Kokulu gülün Osmanlı tıbbındaki yeri, gül ve gül suyunun tedavi edici ve doğal güzelleştirici özelliklerinin yanı sıra Osmanlı döneminde kahve ikramlarının olmazsaolmazıdır. Misafirlerin rahatlamalarını sağlamak için kullanılan gül suyunu ve kahve içimi öncesi ağızları tatlandıran sarayın en değerli reçeli olan gül reçelini yapmak için saray bahçesinde bol miktarda gül yetiştirilmiştir.

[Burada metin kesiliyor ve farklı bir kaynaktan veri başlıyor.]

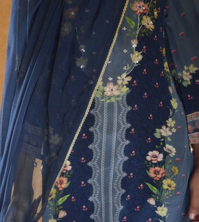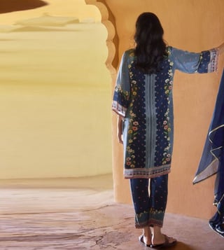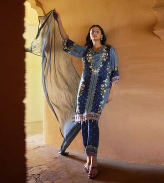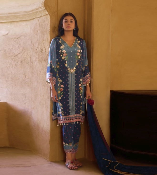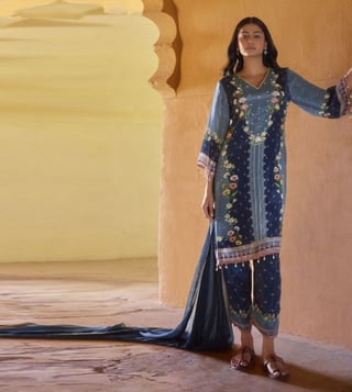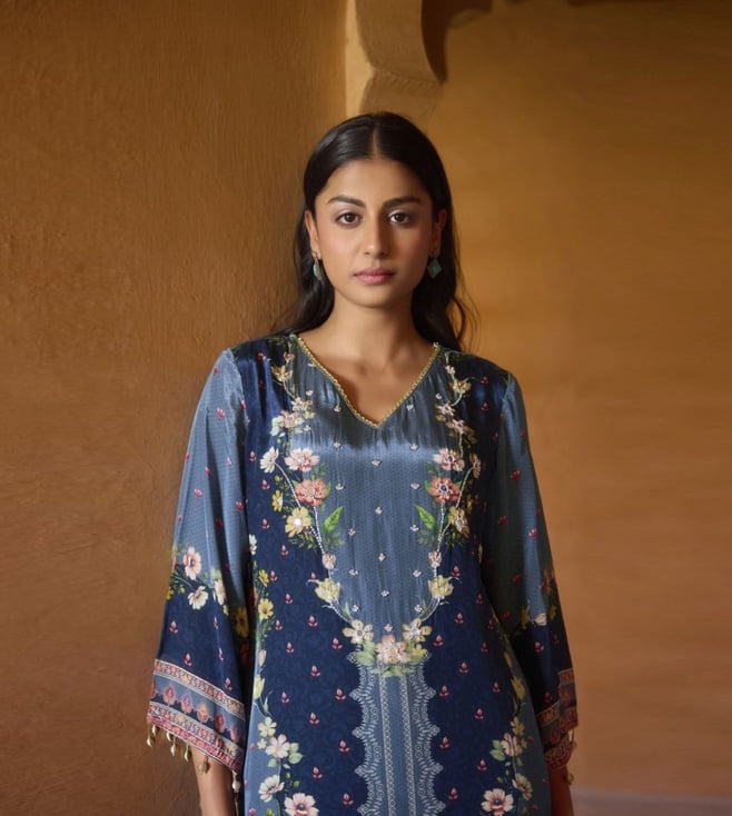 Autumnlane Blue Aster Embroidered Regular Fit Kaftan Pant Set

Haziran ayının ortalarına kadar, Isparta güllerin kokularının doruk noktasında olduğu bir dönemdir. Bu dönemde toplanan gül yaprakları en çok gül reçeli yapılarak değerlendirilebilir. Ancak gül yapraklarının zihinlere kazınan kokusunu çok daha farklı bir şekilde de muhafaza etmek mümkün. Eğer önümüzdeki haftalarda taze gül yaprakları temin edebilirseniz, bu yaprakları yıkayıp, çok iyi bir şekilde kurulayın. Sonra küçük bir makas yardımı ile yaprağın çiçeğe bağlandığı tarafındaki beyaz sert kısmı kesin. Bütün gül yapraklarına bu işlemi uyguladıktan sonra gül yapraklarını teker teker ister beyaz toz şeker, isterseniz de esmer şeker ile nazikçe ovun. Yapraklar hafifçe sulanmaya ve yumuşamaya başlayınca bir kavanoza mümkünse hiç boşluk kalmayacak şekilde sıkıştırarak yerleştirin. Kavanozun kapağını sıkıca kapatın ve buzdolabına kaldırın. Artık elinizde bulunan bu gül yaprakları ile hem gülün zarif kokusunu hem de lezzetini içine hapsetmiş olacak ve uzun süre muhafaza edebileceksiniz. Bu şekerlenmiş gül yapraklarını tatlılarınıza gül aroması vermek için kullanabilirsiniz. Örneğin, irmik helvası, su muhallebisi, veya sütlü tatlılar gibi birçok tatlıya eklenerek tatlıların aroması ve tadı zenginleştirilebilir. Bu kullanımların yanı sıra, gül yapraklarını ayrıca içeceklerde de kullanılabilirsiniz. Özellikle yaz aylarında limonata, şerbet gibi serinletici içeceklerde veya bazı kokteyllere eşsiz bir tat ve koku katmak için kullanabilirsiniz.